Mr. Johnson found that all three of these conditions obtained in this case,
hence the failure of the coalition to materialise. In the second paper, John
Crump of York University outlined environmental politics in Japan, based on his
forthcoming focus article in Environmental Politics. He categorised the key
players into Government (which in addition to the relevant government agencies
and the ruling parties includes business interests and opposition politicians);
Citizens' Movements, comprising the vast number of grassroots organisations; and
Environmental Ideologists, further divisible into those experts prepared to sing
the government's tune at symposia etc., ex-leftists looking for a new field in
which to agitate the passive masses (e.g., Ota Ryu), and fresh thinkers such as
Toda Kiyoshi.

Naoko Ise of Sheffield University took issue with Dr.Crump's categories,
pointing out that the standard social movement literature does not distinguish
between citizens' movements and ideologists; she further pinpointed the problem
of local government, perceived as part of the citizens' movements by central
government and as government by the citizens' movements. Other delegates
questioned the rather monolithic picture of government presented in the paper.
Commenting on both papers, Glen Hook (Sheffield) said that the late 1960s and
early 1970s saw a regime crisis from below as the socialists attempted and
failed to capture local power amid a pluralization of politics (emitomised by
the environmental movement), and also crisis from outside with the breakdown of
the Bretton Woods agreement.
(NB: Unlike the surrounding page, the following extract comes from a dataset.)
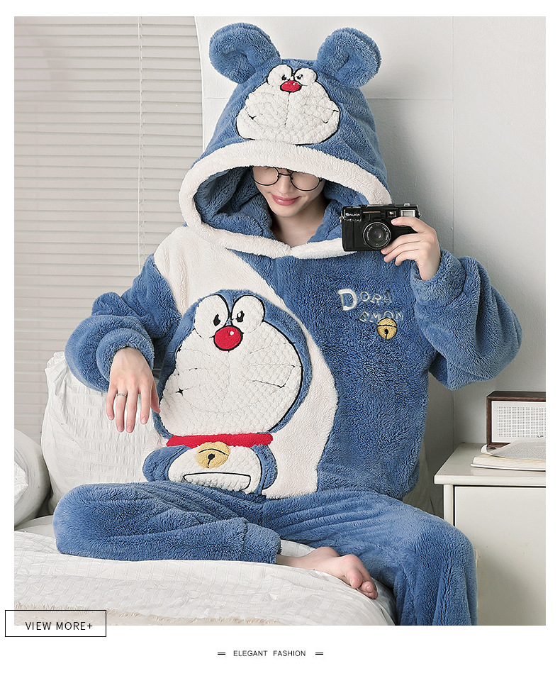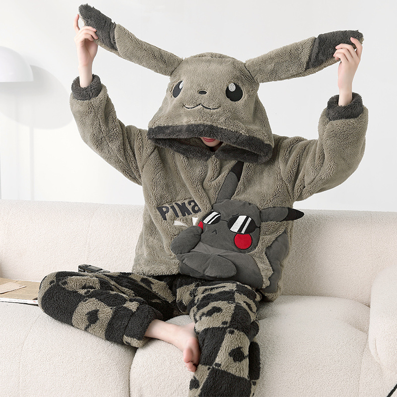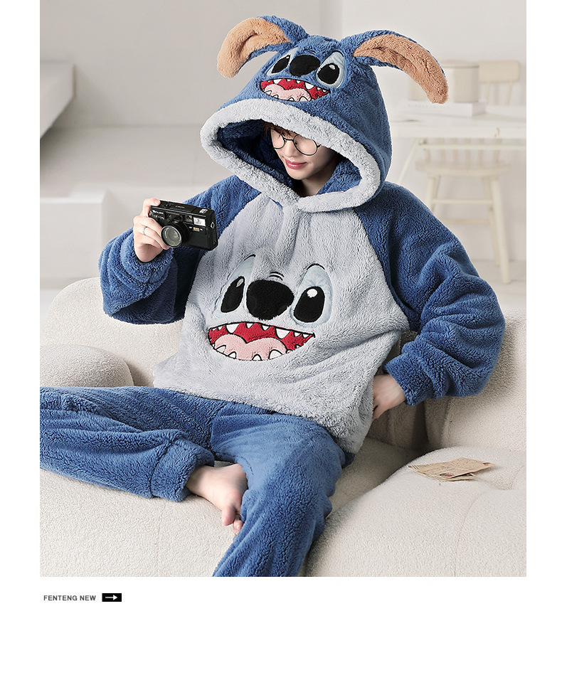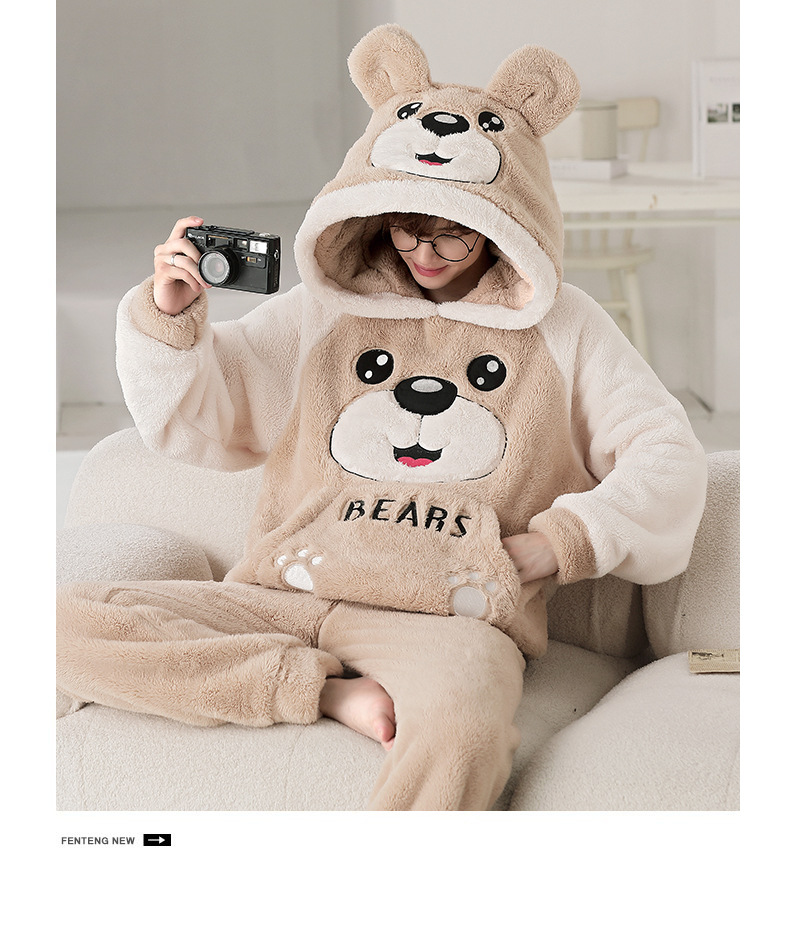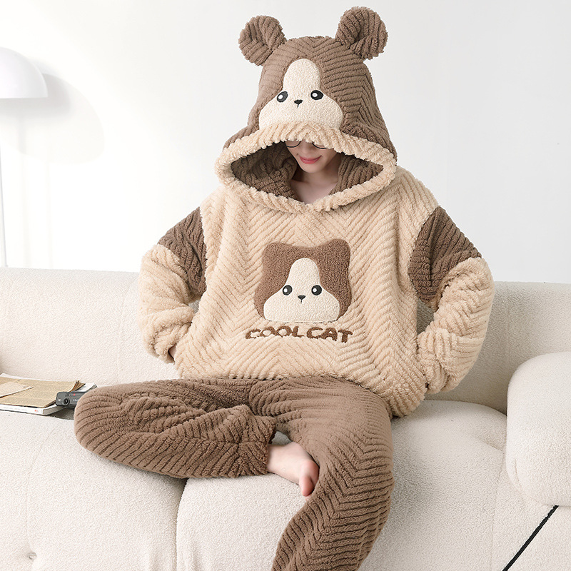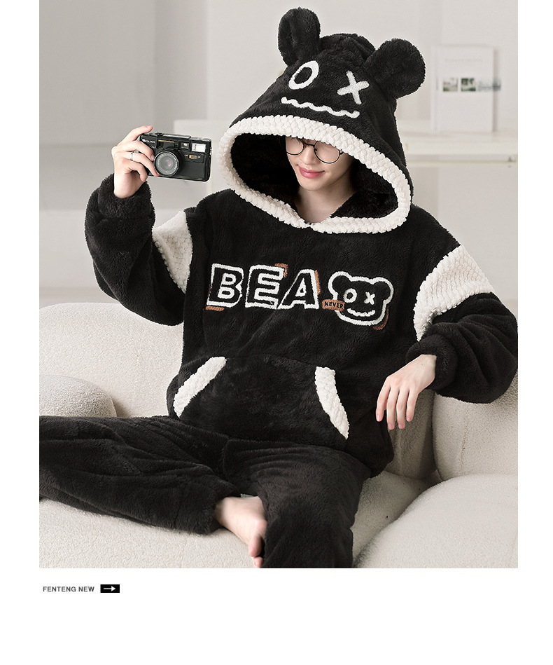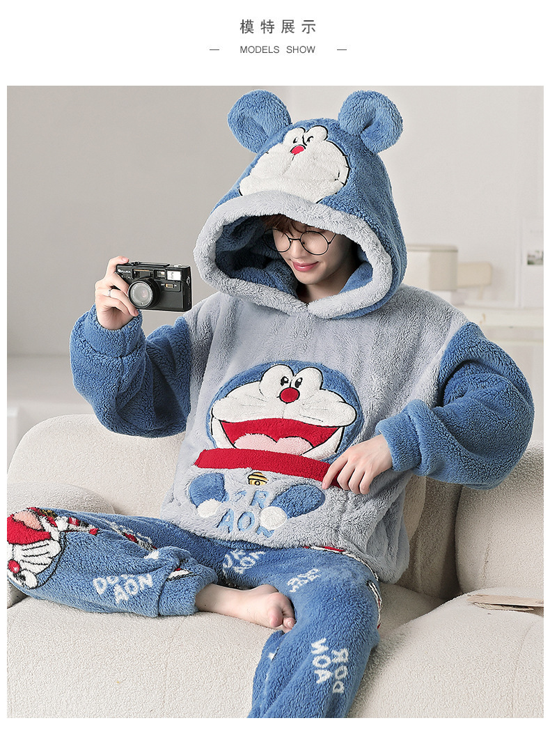 겨울 플란넬 잠옷 남자의 만화 두꺼운 십대 남자의 후드 산호 양털 플러스 사이즈 가정 옷 세트스토어 가기

Regarding opposition politics, David Williams
(Sheffield) commented that the key linkages in the 1970s were not within
opposition parties but between the opposition and the LDP. James Babb
(Newcastle) pointed out that now that the "unchanging" 1955 system has passed
away, we are re-examining it in order to explain current splits and coalitions,
and discovering that it was by no means an unchanging system.